About TCPIP Network Protocols | The Assembly Programming Master Book

About TCP/IP Network Protocols

The material of this section looks somewhat strange in this book. However, it will be followed by material related to sockets programming. Therefore, I must provide an elementary introduction related to the topics that you'll certainly encounter if you are going to program sockets.

About the Open Systems Interconnection Model

In the open systems interconnection (OSI) model, networking tools are divided into seven layers. OSI was developed by the International Standard Organization. The OSI model layers are outlined in Table 17.1.

Table 17.1: Open systems interconnection model layers
Layer	Description
Physical	Transmits bits through physical links, such as coaxial cable, twisted pair, or fiber- optic cable. At this layer, physical media characteristics and signal parameters are defined. Sometimes, this layer is called the hardware layer.
Data-link	Ensures data frame transmission between any two nodes in networks with typical topology or between two neighboring nodes in networks with arbitrary topology. Data-link layer protocols implement a certain structure of links between computers and the methods of their addressing. Addresses used in the data-link layer protocols in LANs are often called MAC addresses. The data-link layer is divided into two sublayers : Medium access control (MAC) Logical link control (LLC)
Network	Ensures data delivery between any two nodes in networks with arbitrary topology. The network layer doesn't ensure reliable data transmission.
Transport	Ensures data transmission between any two network nodes with the required reliability level. To achieve this, the transport layer provides functional capabilities for establishing a connection, packet numbering, buffering and ordering, and taking into account duplicated packets.
Session	Provides the means of controlling communications between interacting parties, determining which of them is active, and synchronizing within the framework of the message exchanging procedure.
Presentation	Deals with the external representation of the data. Various types of data conversion can take place at this layer, including data compression and decompression , encryption, and decryption.
Application	The set of various network services provided to users and applications. Examples of such services are e-mail, terminal services, and file transmission.

More details about the OSI model can be found in an old but comprehensive book by Barry Nance [18], which haven't become obsolete even now.

About the TCP/IP Family

Protocols of the TCP/IP family (TCP/IP stands for Transmission Control Protocol/Internet Protocol) form a four-layer structure. A schematic representation of this structure is provided in Fig. 17.2.

Application	HTTP, FTP, SMTP, SNMP, telnet
Transport	TCP, UDP
Network	IP, RIP, ARP, ICMP, OSPF
Link	Device drivers

Figure 17.2: The TCP/IP family

The TCP/IP family has a long history; nevertheless, these protocols are the most widely used. Among contemporary operating systems, it is impossible to find one that wouldn't support these protocols. Partially, this is because the Internet is built on the basis of TCP/IP.

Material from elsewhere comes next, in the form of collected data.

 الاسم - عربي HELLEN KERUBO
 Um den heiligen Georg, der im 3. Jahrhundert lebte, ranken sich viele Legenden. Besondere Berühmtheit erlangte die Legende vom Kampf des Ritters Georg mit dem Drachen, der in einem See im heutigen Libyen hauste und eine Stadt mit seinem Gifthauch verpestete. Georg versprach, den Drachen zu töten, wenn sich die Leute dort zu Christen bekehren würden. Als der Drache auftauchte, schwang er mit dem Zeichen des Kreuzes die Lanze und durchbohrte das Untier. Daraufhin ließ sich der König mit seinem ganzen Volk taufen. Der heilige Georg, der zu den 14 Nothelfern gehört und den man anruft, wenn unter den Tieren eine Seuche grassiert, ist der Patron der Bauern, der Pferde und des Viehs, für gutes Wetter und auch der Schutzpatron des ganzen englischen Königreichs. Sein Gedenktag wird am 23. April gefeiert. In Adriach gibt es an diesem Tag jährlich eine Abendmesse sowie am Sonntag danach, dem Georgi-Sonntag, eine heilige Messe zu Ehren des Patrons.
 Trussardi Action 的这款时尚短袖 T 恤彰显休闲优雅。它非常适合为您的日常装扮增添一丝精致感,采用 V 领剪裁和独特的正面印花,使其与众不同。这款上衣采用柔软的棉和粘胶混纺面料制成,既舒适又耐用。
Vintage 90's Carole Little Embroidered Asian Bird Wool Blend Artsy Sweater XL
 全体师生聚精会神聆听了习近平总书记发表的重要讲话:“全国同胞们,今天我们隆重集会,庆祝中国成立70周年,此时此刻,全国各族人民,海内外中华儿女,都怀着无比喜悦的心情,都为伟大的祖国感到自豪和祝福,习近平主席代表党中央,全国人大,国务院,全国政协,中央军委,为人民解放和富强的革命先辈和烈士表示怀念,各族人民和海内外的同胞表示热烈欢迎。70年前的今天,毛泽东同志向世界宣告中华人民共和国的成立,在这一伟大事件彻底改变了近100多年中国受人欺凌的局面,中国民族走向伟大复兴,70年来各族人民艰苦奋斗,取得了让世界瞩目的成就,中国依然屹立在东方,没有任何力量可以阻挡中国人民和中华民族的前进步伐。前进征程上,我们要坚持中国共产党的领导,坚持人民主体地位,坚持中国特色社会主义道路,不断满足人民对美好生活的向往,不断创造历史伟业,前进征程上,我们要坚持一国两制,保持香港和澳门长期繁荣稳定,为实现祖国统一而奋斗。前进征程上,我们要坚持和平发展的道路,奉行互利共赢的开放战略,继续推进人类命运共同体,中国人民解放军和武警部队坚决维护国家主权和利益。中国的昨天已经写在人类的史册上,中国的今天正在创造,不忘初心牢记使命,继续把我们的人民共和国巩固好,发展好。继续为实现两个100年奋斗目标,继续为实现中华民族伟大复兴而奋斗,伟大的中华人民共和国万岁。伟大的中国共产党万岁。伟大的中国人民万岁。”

The lowest layer in the TCP/IP stack is not regulated , but it supports all known protocols of the physical and data-link layers of the OSI model.

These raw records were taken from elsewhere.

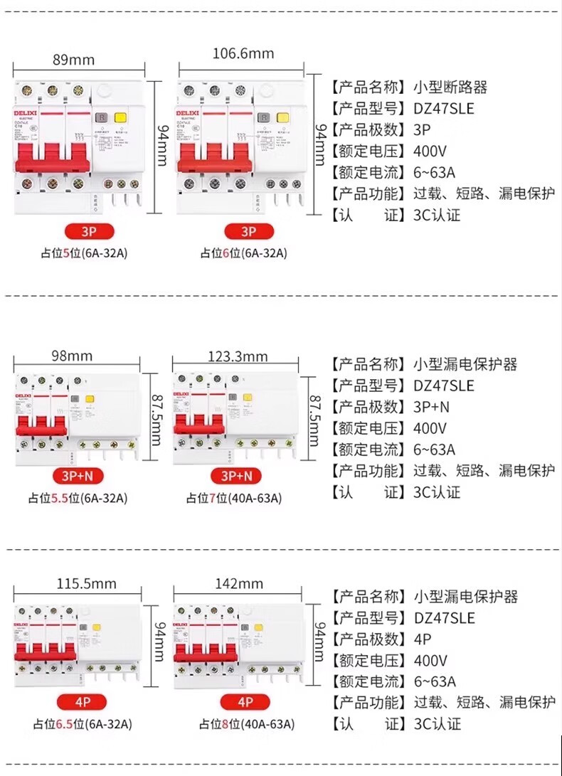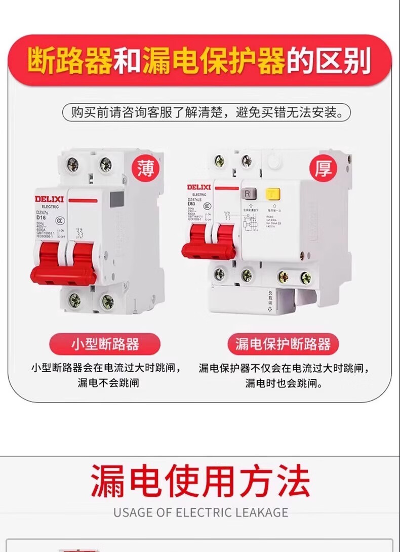 Delixi Electric air leakage protection circuit breaker protector DZ47sLE 2P D type 32A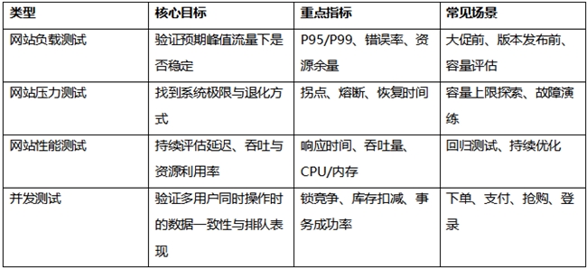 在实际沟通中,网站负载测试、网站压力测试、网站性能测试与并发测试常被混用。为了避免测试目标跑偏,可以先用下表快速区分: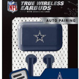 Support your team on the go with premium sound! Connect with your Bluetooth device for 3-4 hours of playtime. The built-in microphone and control connects you to friends and rivals alike. Included earbuds and charging case featuring the Dallas Cowboys official logo.

The next , or third, layer is the internetworking layer. It transmits packets using the transport technology of LANs, transmission networks, communications links, etc. The main protocol of the network layer is IP. IP is the datagram protocol (see the note that follows ), which doesn't guarantee the delivery of the packet to the destination node. This layer includes all protocols related to creating and modifying routing tables. These protocols include the Routing Internet Protocol (RIP) and the open shortest path first protocol for collecting the routing information and the Internet control message protocol (ICMP) for internetwork control messages.

Note	A datagram is a network packet transmitted independently of other packets without establishing a logical connection.

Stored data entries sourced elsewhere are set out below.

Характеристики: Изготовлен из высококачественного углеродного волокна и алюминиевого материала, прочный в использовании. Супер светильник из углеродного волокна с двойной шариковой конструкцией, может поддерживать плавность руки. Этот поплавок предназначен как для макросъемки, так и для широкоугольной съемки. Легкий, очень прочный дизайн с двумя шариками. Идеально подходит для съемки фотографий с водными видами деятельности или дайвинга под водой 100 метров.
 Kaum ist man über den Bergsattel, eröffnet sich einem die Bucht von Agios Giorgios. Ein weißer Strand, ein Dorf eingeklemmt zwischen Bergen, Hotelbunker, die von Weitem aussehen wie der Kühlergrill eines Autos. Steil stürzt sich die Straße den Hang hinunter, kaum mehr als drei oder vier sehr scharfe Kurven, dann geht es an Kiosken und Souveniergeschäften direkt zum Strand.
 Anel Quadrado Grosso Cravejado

The second layer is considered the main layer of the TCP/IP stack. Protocols such as TCP and the User Datagram Protocol (UDP) ^[i] operate at this layer. TCP ensure the transmission of messages between distributed processes, forming virtual connections. UDP ensures the transmission of application packets using the datagram method (similar to IP) and carries out the functions of a link between IP and application processes.

The first layer is the application layer. It includes higher-layer protocols. For example, hypertext transfer protocol allows data transmission in the form of Web pages and the exchange of files between the nodes of a Wide Area Network (WAN).

About Internet Protocol Addressing

The possibility of quickly finding the required destination node is the main feature of computer networks. In IP networks, there are three layers of addressing:

In a LAN, physical or local addressing is based on the network adapter number. These unique 6-byte addresses are assigned by equipment manufacturers. In WANs, local addresses are assigned by the network administrator.
An IP address comprises 4 bytes. Traditionally, IP addresses are written in a decimal notation (i.e., separating bytes with dots), for example: 137.50.50.83. IP addresses can be assigned manually by a network administrator or automatically by the system. An address consists of two parts the network address and the host address (more details will be provided later in this chapter). A host may be the member of several networks; therefore, it can have several IP addresses. An IP address is independent of the physical address; therefore, it is not a physical characteristic of a computer. Quite contrary, it is a logical characteristic of a specific host.
The symbolic address or identifier can consist of several parts separated by dots. Symbolic addresses are assigned by the network administrator. For example, a name such as SERV1.BANK.COM consists of three parts: the domain name COM, the organization name BANK, and the computer name SERV1.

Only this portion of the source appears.